Telephones aren't quite like that
Land lines are actually sampled 8000 times a second, in a perfect world that would mean your freq range would be up to 4000hz, in reality it works out to more like 3600, at the low end it is cut off below 30hz, for one thing the "ring" signal that is sent down a typical land line (i.e. not voip) is a 20hz @ 90 volts and they don't want that to be "audible" so there are filters that basically clamp you between 30hz and 3600hz. Of course for VoIP or cell phones it is a lot different, in land lines that single conversation eats up 64kbs of bandwidth, so they use various packet and compression technologies (g.711 - great, g.729 - good, g.723 - horrible) to pack more conversations in the same bandwidth. The more you compress, the worse the voice quality but the cheaper it is to transport. The fidelity goes in the toilet, hence the reason 99% of voip and cell phone calls don't actually use touch tones, they are for your benefit, they use out of band signaling - essentially a data-channel that says user pressed this button, user pressed that button, and if required it is converted to a tone at the other end.

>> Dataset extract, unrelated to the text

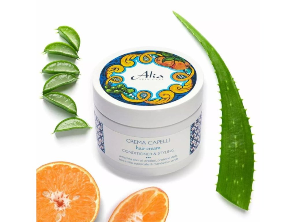 Az Alia skin care hajkrém gazdag, krémes textúrájú, aloe verát, extra szűz olívaolajat, búzacsírát és szójafehérjét tartalmaz. Ezek a bio összetevők revitalizáló és szerkezetátalakító hatást biztosítanak. A zöld mandarin illóolaj fényt és ragyogást kölcsönöz a hajnak anélkül, hogy elnehezítené azt.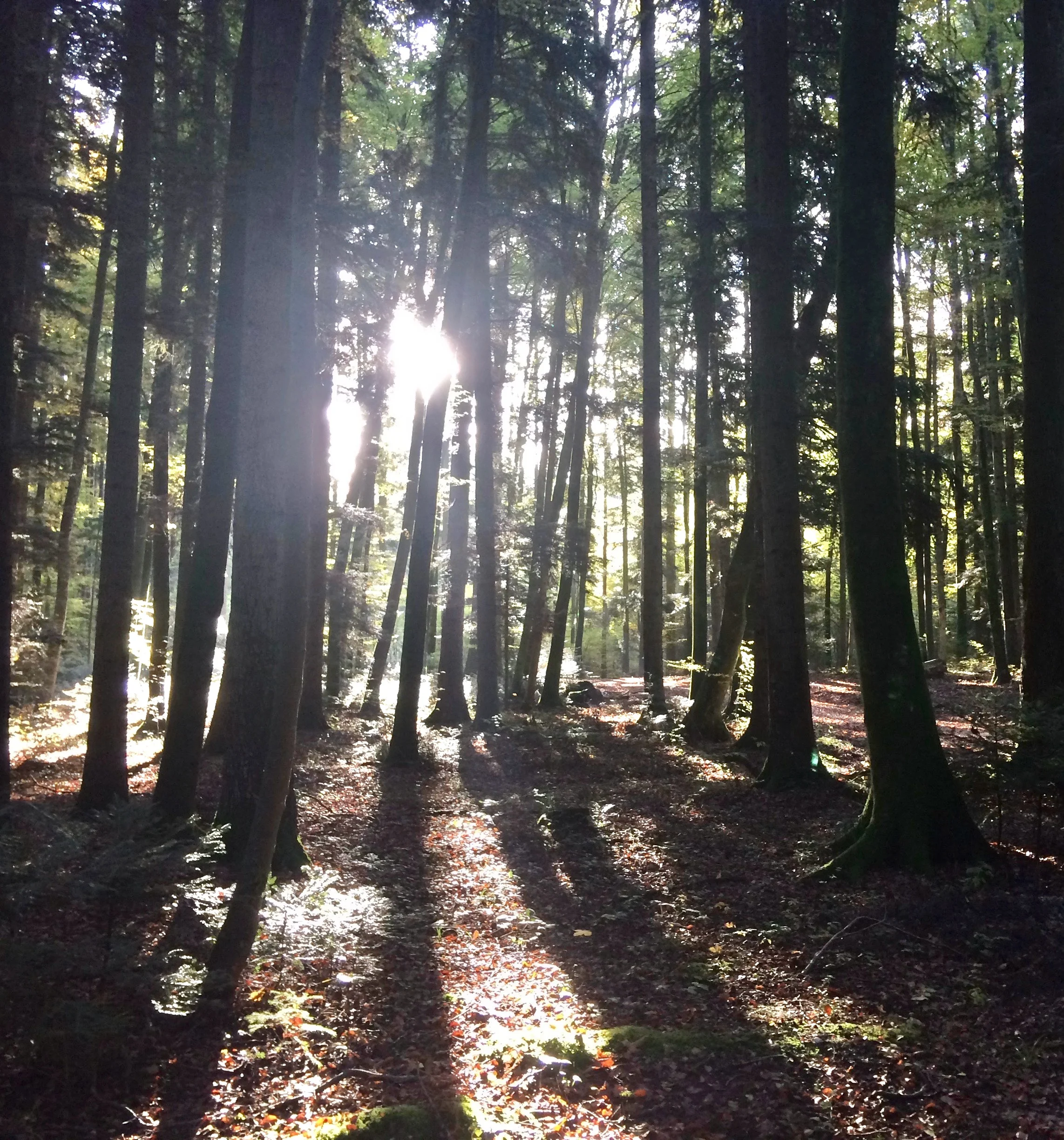 Hans und ich schlagen die entgegengesetzte Richtung ein, wandern südwärts, zuerst auf einer geteerten Quartierstrasse an Einfamilienhäusern vorbei, welche so gar nicht zu meinen Jugenderinnerungen an das verschlafene Bauerndorf auf dem Gempenplateau passen wollen. Später führt uns der Weg durch einen lichten Wald, in den die flachen Strahlen der Herbstsonne einfallen.

Even call progress signals (dial tone, busy tone, and so on) are generated inside your phone to save the precious bandwidth of sending a tone's worth of data over the network. This is also why you have the latency or delay when you talk on your voip or cell phone, call a friend's cell phone standing next to you with your cell phone and listen how long the delay is between him saying hello and you hearing hello. In any metro area the odds of that call traveling more than 2 miles is remote and a 2 mile connection would not have any perceivable delay, the delay is caused by the packet sample, then compress, then send, the receive, then decompress. then play... all on low power CPUs.
Sorry to anyone whom I have put to sleep, I just love tech discussions, love creating tech, and in fact find the technical aspects of Disney and WDI to be one of the most enchanting elements, wish I could work for them one day.